I hope everyone has a safe and wonderful weekend.  I'll be doing the family visiting alllll weekend so that should be fun and tiring. lol.

sorry this came up in a search and I just lol'd so bad..


----------



## Chris S (Dec 19, 2007)




----------



## ameekplec. (May 1, 2008)

Happy thanksgiving everyone!!

I already had one turkey tonight. Another tomorrow and a ham too. Hopefully none on Monday. . .


----------



## bigfishy (Jun 19, 2009)

Boooo its not happy here!!!    

Parent is in Hong Kong!

Nothing special to eat here!!! No Turkey! No Meat! No Vegetable! ... all rice + soys sauce - everyday!    

oh well! Q.Q


----------



## Jackson (Jan 30, 2009)

I like this one LOL


----------



## KnaveTO (May 13, 2007)

I was supposed to go up to the cottage for the weekend... but didn't meet up with my mother to head up... ah well will make do myself I guess, maybe I will check out if a charity I support needs help serving thanksgiving dinner


----------



## Mr Fishies (Sep 21, 2007)

Ciddian said:


> I hope everyone has a safe and wonderful weekend.  I'll be doing the family visiting alllll weekend so that should be fun and tiring. lol.

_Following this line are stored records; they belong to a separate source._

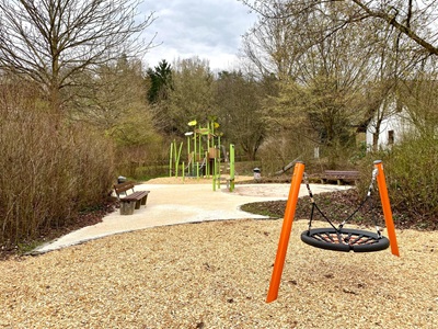 Im Sandbereich ergänzt ein rollstuhlgerechter Sandspieltisch das Angebot; zudem wurde frischer Sand eingebracht. Im westlichen Teil des Spielplatzes lädt eine neue Nestschaukel sowohl zum Spielen als auch zum Entspannen ein. Darüber hinaus wurde auch die Belagsfläche erneuert.
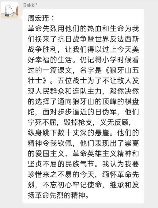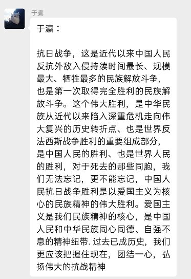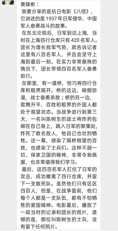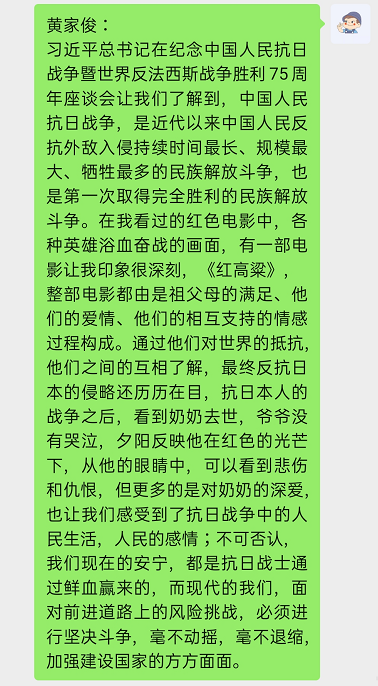 2020年9月11日20:30,William威廉官网学生第二党支部第二党小组于线上开展学习习近平总书记在纪念中国人民抗日战争暨世界反法西斯战争胜利75周年座谈会上的讲话心得交流会。本次会议由学生第二党支部第二党小组黄锋彬同志组织,周宏瑶同志、陈诚同志、黄家俊同志以及于瀛同志共同参与。
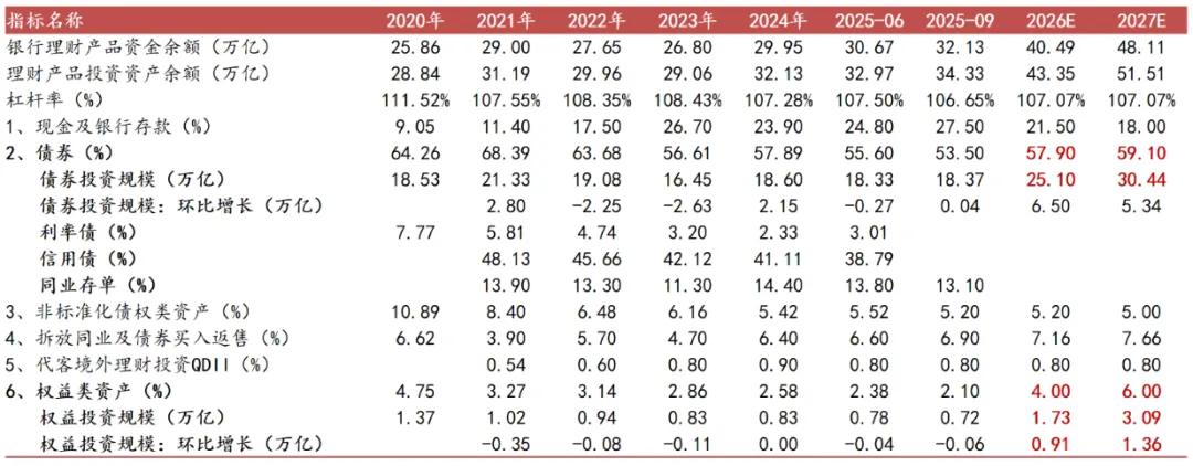 银行理财方面,权益资产配置比例有望上升。适度增配权益资产是破解理财收益困境的有效路径。截至三季度,权益类资产在理财持仓中的占比仅为2.10%,处于历史极低水平。若理财产品权益投资比例逐步提升至4%、6%,预计2026年、2027年可为权益市场带来约9051亿元、1.36万亿元的增量资金。
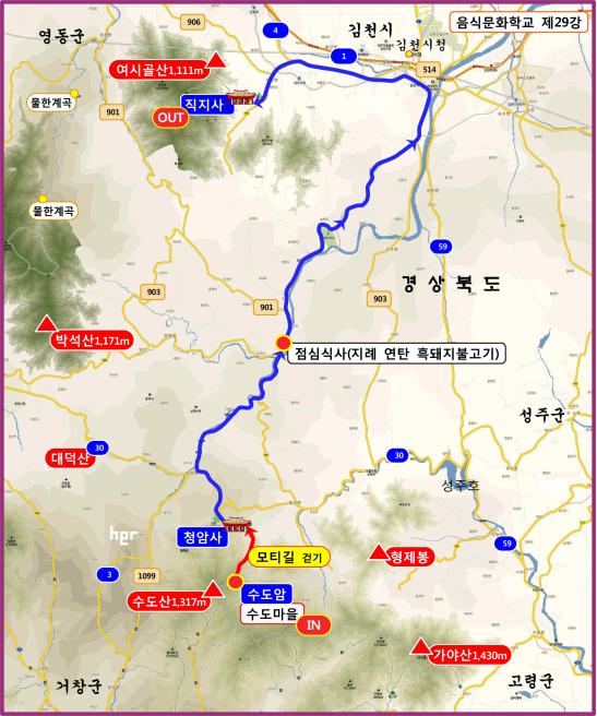 수도암에서 청암사까지 김천시에서 조성한 '모티길'(일부)을 걸을 예정입니다. '모티'는 경상도 사투리로 '모퉁이'라는 뜻이니, 이 길은 곧 수도산의 모퉁이길입니다. 산길이지만 그리 험하지는 않습니다.

Happy Turkey Day everybody. Be sure to stop, take a minute and look around at and remember all we have to be grateful for.

Tip of the hat to Knave for working to give others something to be thankful for. Very


----------



## Chris S (Dec 19, 2007)

Jackson said:


> I like this one LOL


haha, that one is awesome...if not a little creepy.


----------



## wtac (Mar 17, 2006)

Happy Turkey-lurkey to everyone as well 

I'm stuffed and in need of a wheelbarrow to get around 

Yeah Chris, it is a bit creepy but it suits my twisted mellon for a chuckle


----------



## Jackson (Jan 30, 2009)

Chris S said:


> haha, that one is awesome...if not a little creepy.


I know LOL

I was a bit grossed out but laughing at the same time 

I hope you all had a great one 

But this one is the all time best


----------



## Ciddian (Mar 15, 2006)

LOL!!! "heey buddy..."


----------